General information
- Type: Hang glider
- National origin: United Kingdom
- Manufacturer: Avian Limited
- Designer: Steve Elkins and Neil Hammerton
- Status: In production

History
- Developed from: Avian Java

= Avian Cheetah =

British hang glider

The Avian Cheetah is a British high-wing, single-place, competition hang glider, designed by Steve Elkins and Neil Hammerton and produced by Avian Limited of Hope Valley, Derbyshire.

==Design and development==
The Cheetah is a development of the Avian Java and is a "topless" design without a kingpost or top wire rigging, although it retains the lower flying wires.

The current production Cheetah 150 model is made from aluminum and carbon fibre tubing, with the wing covered in Dacron sailcloth. Its 10.4 m span wing has a nose angle of 130deg; and an aspect ratio of 7.5:1. The acceptable pilot hook-in weight is 80 to 110 kg.

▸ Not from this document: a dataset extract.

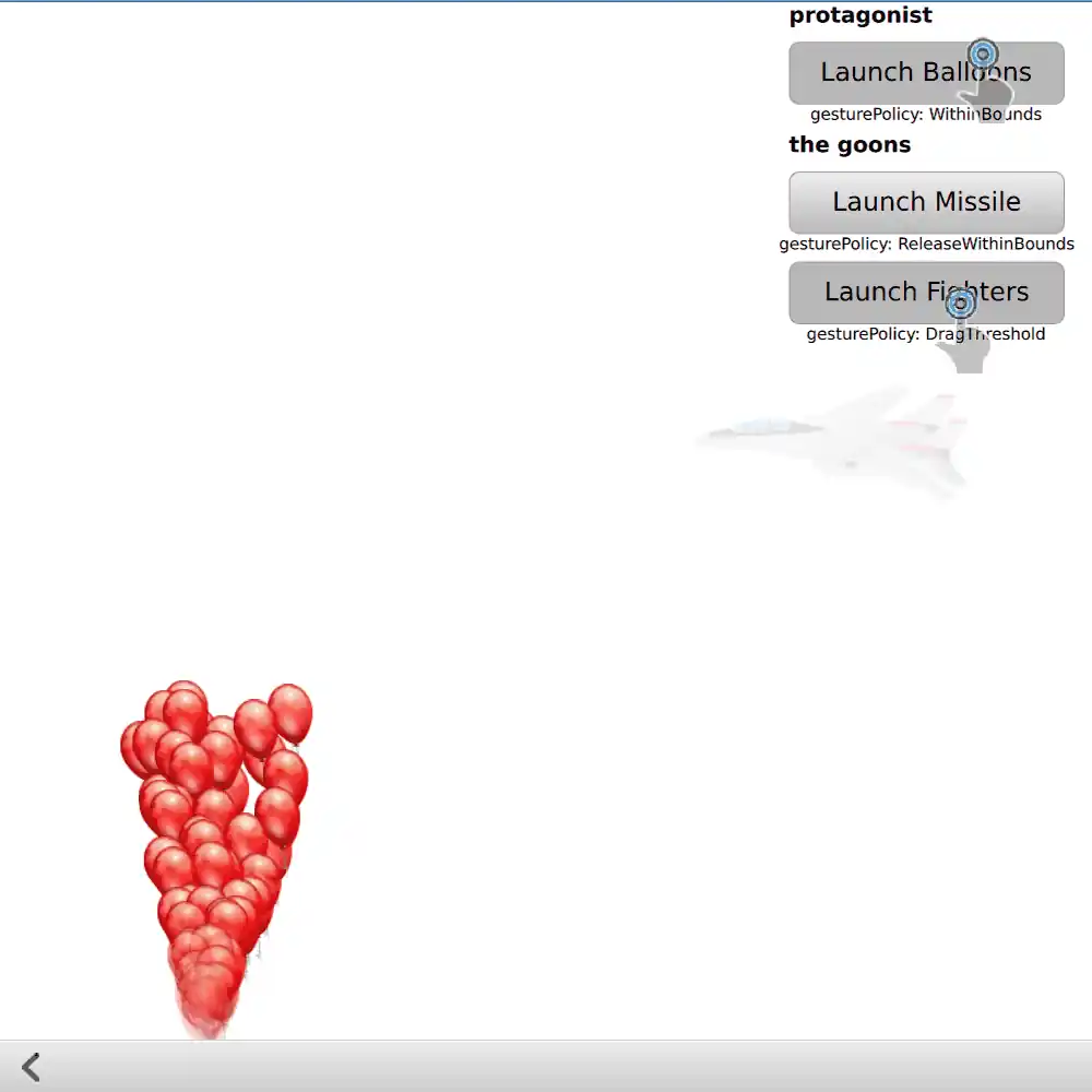 to provide feedback about what the user is doing with the pointing devices: these components are always visible throughout the example, and do not interfere with interaction anywhere else. These components are handy for reuse if you ever need to do a video or live demonstration of a user interface.

The glider can be broken down to a 37 kg package, 4.6 m in length for ground transportation on a car top.

==Variants==
- Cheetah 150
Current production version. British Hang Gliding and Paragliding Association certified.
- Cheetah 160
Version offered circa 2003 with 10.4 m span wing, with an area of 15 m2, a nose angle of 125° and an aspect ratio of 7.0:1.